Tu tiras la porte pour qu'elle en passe le seuil, tu pouvais observer sa tenue absolument ravissante, quoi que classique, tous n'avaient pas ton excentricité et tes goûts vestimentaires, même si ce soir, tu étais sobre, après tout, en toi, quelque chose te pousser à vouloir conclure. C'était une situation délicate et difficile de se dire que vous étiez sur la frontière entre l'amitié et l'amour, à se demander mutuellement si l'une aimait l'autre autant que l'autre. Une chose te semblait certaine, ce soir tu ne venais pas cueillir des fleurs, y a la forêt pour ça, dans un restaurant aux teintes chaleureuses, des bancs en cuir rembourré de mousse confortable, des chaises imitation Louis XVI et des tables en bois verni aux angles arrondis, le maître mot était : Action. Les multitudes de grands cierges illuminés le restaurant construit avec une zone centrale, lieu où le groupe du soir se produisait, un groupe de Jazz apprécié en ce moment. Tu couvais du regard cette belle rouquine qui faisait battre ton cœur à un pulsation un peu plus haute que la moyenne. À sa question tu mis un peu de temps à répondre.

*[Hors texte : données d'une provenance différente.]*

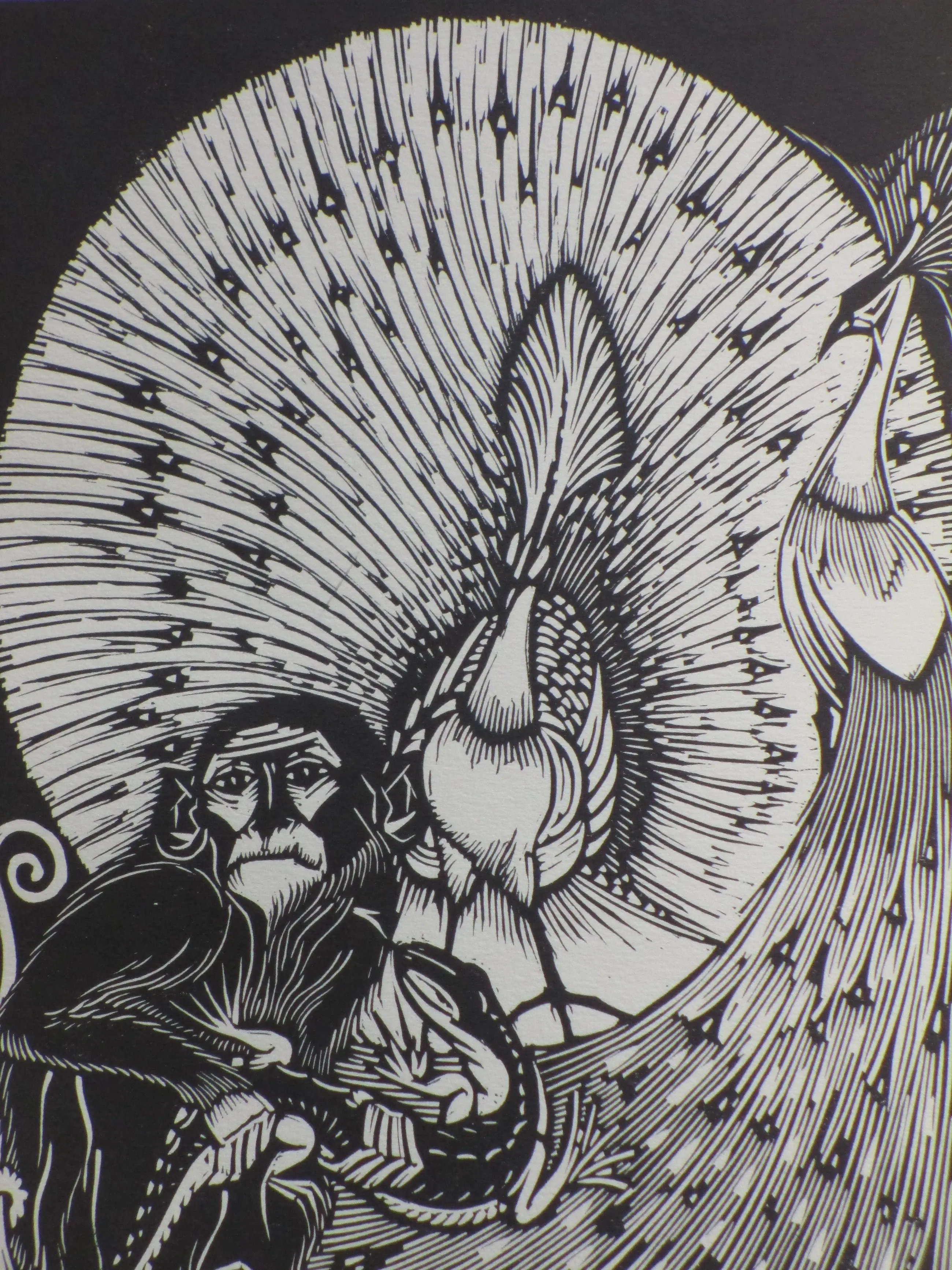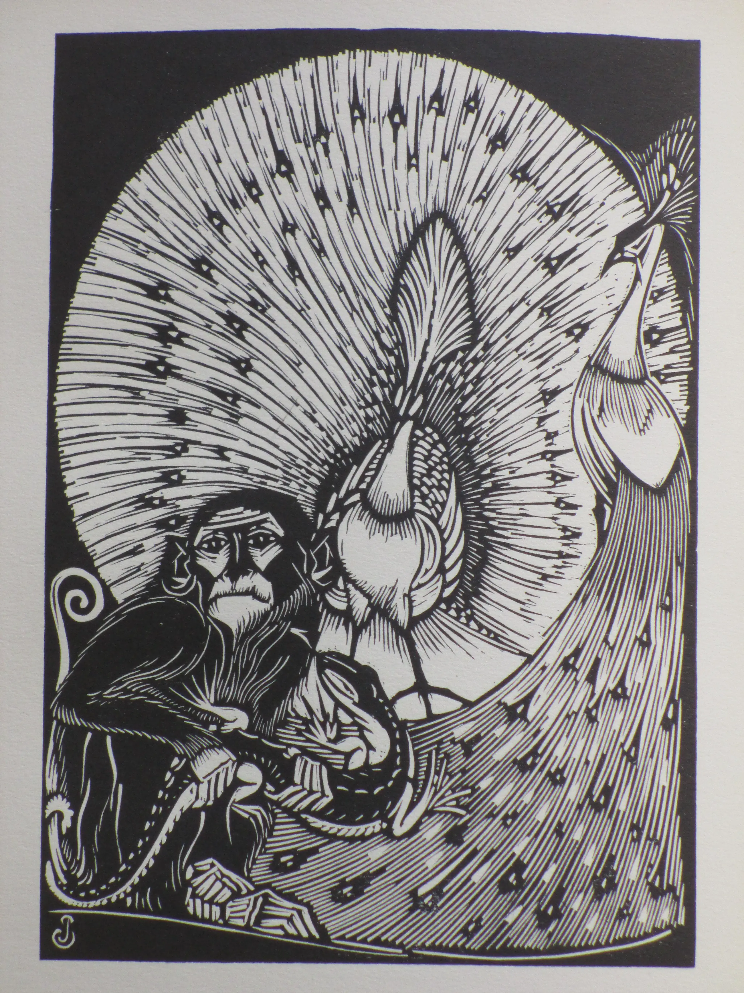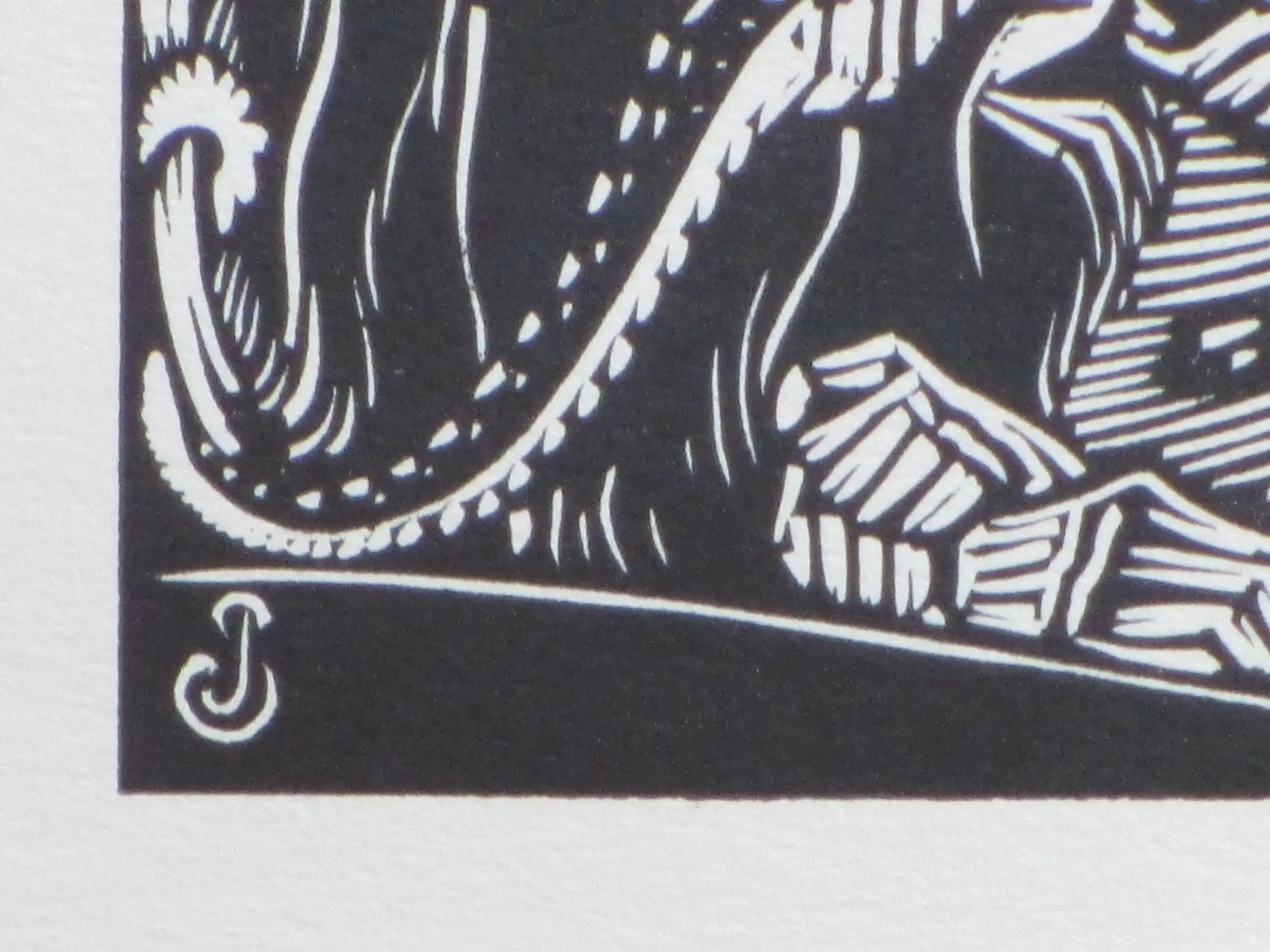 Houtsnede door Jan Schonk Voorstelling van twee pauwen, een aap en een hagedis Losbladig, beeldmaat 19x13,5, bladmaat 32x24 Gemonogrammeerd l.o. in de druk Authenticiteit volledig gegarandeerd

-Ho et bien oui ça va bien, y pas grand chose de neuf à vrai dire, une reprise assez calme, il n'en faut pas trop non plus, quelques match de baseball par-ci par là mais rien de bien extraordinaire, et toi ?

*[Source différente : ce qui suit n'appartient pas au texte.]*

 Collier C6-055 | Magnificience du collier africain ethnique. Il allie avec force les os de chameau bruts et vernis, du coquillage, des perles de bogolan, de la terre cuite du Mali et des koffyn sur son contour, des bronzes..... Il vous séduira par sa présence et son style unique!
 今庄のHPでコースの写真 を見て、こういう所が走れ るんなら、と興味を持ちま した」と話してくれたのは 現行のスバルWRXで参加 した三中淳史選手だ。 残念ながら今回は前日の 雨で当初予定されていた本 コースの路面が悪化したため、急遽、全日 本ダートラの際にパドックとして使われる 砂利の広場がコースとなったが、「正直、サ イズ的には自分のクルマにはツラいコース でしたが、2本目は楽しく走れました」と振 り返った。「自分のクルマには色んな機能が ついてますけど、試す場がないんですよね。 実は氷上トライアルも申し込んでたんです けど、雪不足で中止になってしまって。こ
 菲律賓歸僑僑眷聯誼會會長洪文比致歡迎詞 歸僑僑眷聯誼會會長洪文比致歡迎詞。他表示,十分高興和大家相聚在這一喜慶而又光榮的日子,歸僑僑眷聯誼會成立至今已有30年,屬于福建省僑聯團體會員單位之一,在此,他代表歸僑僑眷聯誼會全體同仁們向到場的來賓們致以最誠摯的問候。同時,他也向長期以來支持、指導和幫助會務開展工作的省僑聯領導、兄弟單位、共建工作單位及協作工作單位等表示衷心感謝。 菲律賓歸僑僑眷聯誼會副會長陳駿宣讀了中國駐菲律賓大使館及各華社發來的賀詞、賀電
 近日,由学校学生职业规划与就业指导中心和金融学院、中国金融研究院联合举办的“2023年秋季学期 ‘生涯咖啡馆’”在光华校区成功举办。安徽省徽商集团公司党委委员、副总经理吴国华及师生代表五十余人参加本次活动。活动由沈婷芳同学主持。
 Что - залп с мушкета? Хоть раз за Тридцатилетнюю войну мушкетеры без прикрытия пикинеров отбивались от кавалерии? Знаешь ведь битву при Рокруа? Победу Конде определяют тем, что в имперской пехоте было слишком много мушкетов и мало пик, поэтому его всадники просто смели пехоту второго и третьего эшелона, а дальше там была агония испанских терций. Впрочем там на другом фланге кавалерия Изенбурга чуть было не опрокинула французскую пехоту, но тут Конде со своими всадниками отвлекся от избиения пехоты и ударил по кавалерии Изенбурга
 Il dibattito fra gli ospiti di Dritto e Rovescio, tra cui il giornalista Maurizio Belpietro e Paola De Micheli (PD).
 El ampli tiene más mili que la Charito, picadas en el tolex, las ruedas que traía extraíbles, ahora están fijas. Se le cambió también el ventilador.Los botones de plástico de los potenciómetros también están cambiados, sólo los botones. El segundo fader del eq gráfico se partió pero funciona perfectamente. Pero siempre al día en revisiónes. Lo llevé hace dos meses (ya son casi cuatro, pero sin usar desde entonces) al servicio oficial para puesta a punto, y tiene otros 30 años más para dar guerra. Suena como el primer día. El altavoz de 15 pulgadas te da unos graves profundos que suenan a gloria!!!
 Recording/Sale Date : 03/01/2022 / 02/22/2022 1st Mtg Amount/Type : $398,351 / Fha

Depuis ce fameux soir ? Rien de bien intéressant comparé au goût de ses lèvres, la douceur de ses doigts contre les tiens, le bruit sourd de vos cœur qui battaient à l'unisson. Tu rougis un peu en jouant nerveusement avec la fourchette comme si c'était une clef à molettes.

Puis il y eut cette phrase, pas n'importe quelle phrase, LA phrase, celle qui fis vriller sauvagement ton cœur en le twistant comme une gomme mie de pain qu'on laisse à un enfant. Comment prendre cette phrase, quel est le bon sens caché à décoder ? Tu ne le savais pas, rougissant de plus belle tu tapes doucement du pieds contre le pied de la table. Comment le prendre ? Un défis normal ? Une invitation ? Ho et puis merde ! De toute façon vous aviez très bien comment ça allait finir et avec ce genre de phrases il est impossible pour toi de refréner ta spontanéité.

Tu te relevas pour poser tes bras tendus sur la table et te pencher sur elle avec une douceur qui amorçait une situation tellement prévisible. Doucement ton souffle chaud croisa le sien, tes pupilles dilatés sonda les siennes, un petit sourire perça tes lèvres avec un faible haussement d'épaule d'un air de dire « Ni repris ni échangé ». Puis tes lèvres habillée de leur robe carmin viennent enlacer les siennes dans leur tenu aux teintes cerises, une tresse bercée par ton mouvement de tête glissa jusqu'à la cuisse de la Givrali. L'instant présent te semblas interminable, jamais tu n'avais connu de pareil délice, cette situation, unique en son genre déclenchait en toi un flot d'émotion que ton esprit décuplait alors que tu imaginais tous les scénarios possibles. Que dirait Alban, pensas-tu l'espace d'un instant. Oh et puis fichtre ! Au diable ton grand frère et ses actions bienveillantes ! Tu laissas tout déborder, absolument toutes tes émotions.

Tu l'embrassas avec plus de fougue alors que tes doigts passaient dans sa nuque pour maintenir votre contact, autour de vous, des regards, certains désapprobateurs, certains bienveillants, un ou deux petits sifflements vinrent à tes oreilles, ce qui te fit sourire pendant le baiser. Tu relâchas cette étreinte en glissant, une petite mine rougissante.

-Ce n'était que l'entrée...

Tu ris quelques instants en prenant la carte avec un air tout de suite un peu plus sérieux. Tes yeux passèrent sur les plats avant d'interpeller le serveur.

-En entrée ce sera une salade au saumon, en plat... ce sera un magret saignant avec une sauce moutarde accompagnée d'un potofeu. Et toi Alex ?

Une fois le serveur parti, avec un potofeu.. assez surprenant, en même temps tu étais pleine de surprises, tu dis, d'un air naturel en regardant Alex.

-Ho ! J'ai oublié le plus important : Je t'aime. Plus fort que ma clef de 12 et la chantilly !

Quelle belle déclaration d'amour, on ne pouvait pas faire plus étrange et décallé dans le rythme.